Was 2G really a scandal or part of corruption folklore?
Acquittals show that CBI did not sift the available evidence carefully
The Supreme Court declared in 2012 that the allocation of 2G spectrum by the Congress-led UPA government was illegal and an arbitrary exercise of power. It went on to cancel all 122 telecom licences allotted to companies in early 2008 during the tenure of A Raja as communications minister. With the trial court’s en masse acquittal of all those arraigned by the Central Bureau of Investigation in the 2G spectrum allocation case, the claim that this was the biggest scam in India’s history lies in tatters. Attention will now turn to Vinod Rai, whose sensational report as Comptroller and Auditor General, pegging the loss as a result of not auctioning spectrum at ~1.76 lakh crore, contributed to the perception that a huge scam had taken place.
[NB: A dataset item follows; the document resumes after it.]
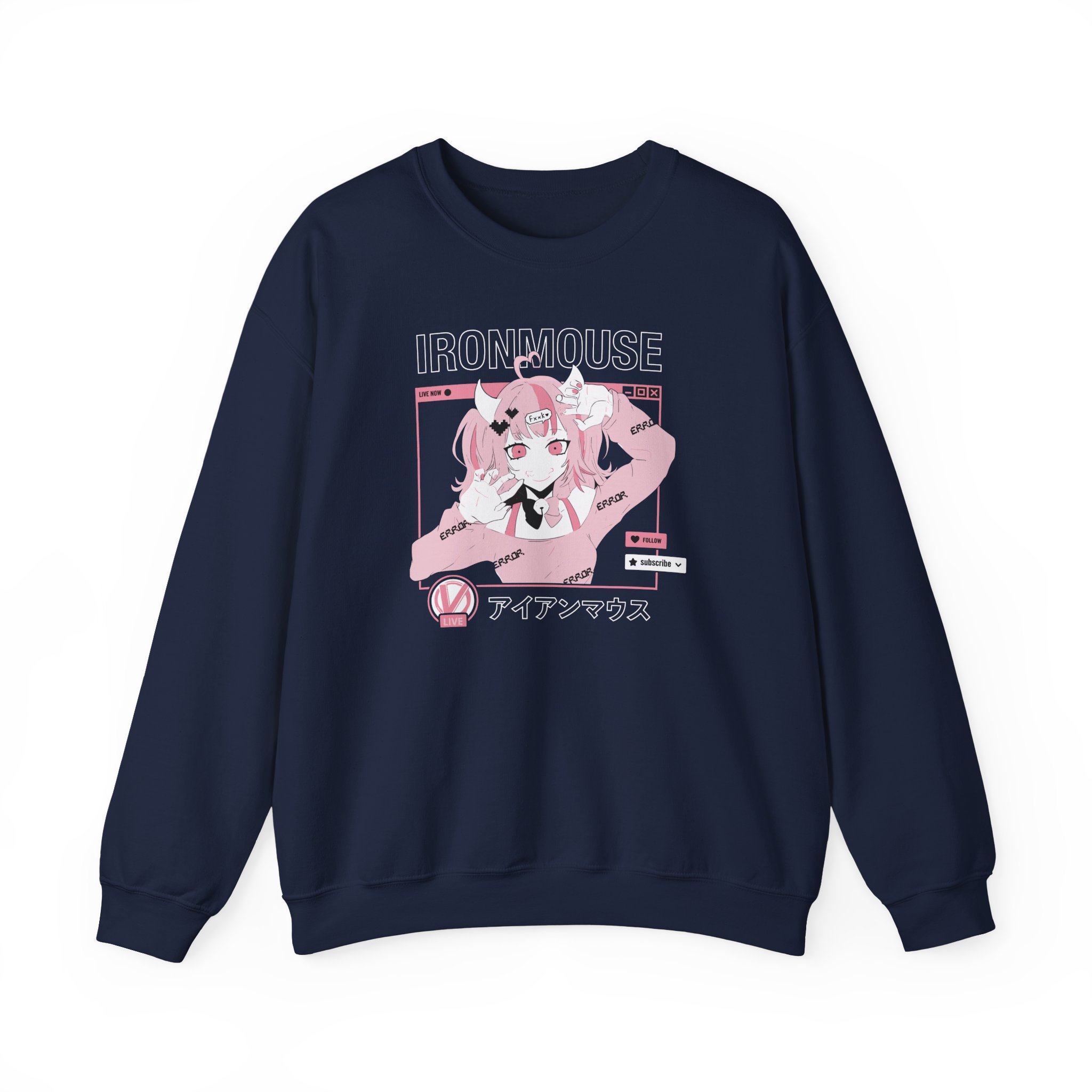 Ideal for any situation, a Ironmouse Live unisex heavy blend crewneck sweatshirt is pure comfort. These garments are made from polyester and cotton. This combination helps designs come out looking fresh and beautiful. The collar is ribbed knit, so it retains its shape even after washing. There are no itchy side seams on these sweaters.

Many had argued that the figure was only notional. Mr Raja said that not revising the entry fee and not auctioning spectrum ensured cheaper telephony, increased tele-density and contributed to the sector’s overall development. He has been undoubtedly vindicated, but there is a lesson for everyone in the long 2G saga: public perception and audit reports cannot be the sole basis for criminal trials; investigating agencies must carefully sift the available material before deciding to prosecute. An appeal is in order given the sweeping dismissal of the CBI’s contentions, so sweeping that it dismisses, arguably a tad too breezily, what the prosecution said were suspicious quid pro quo transactions.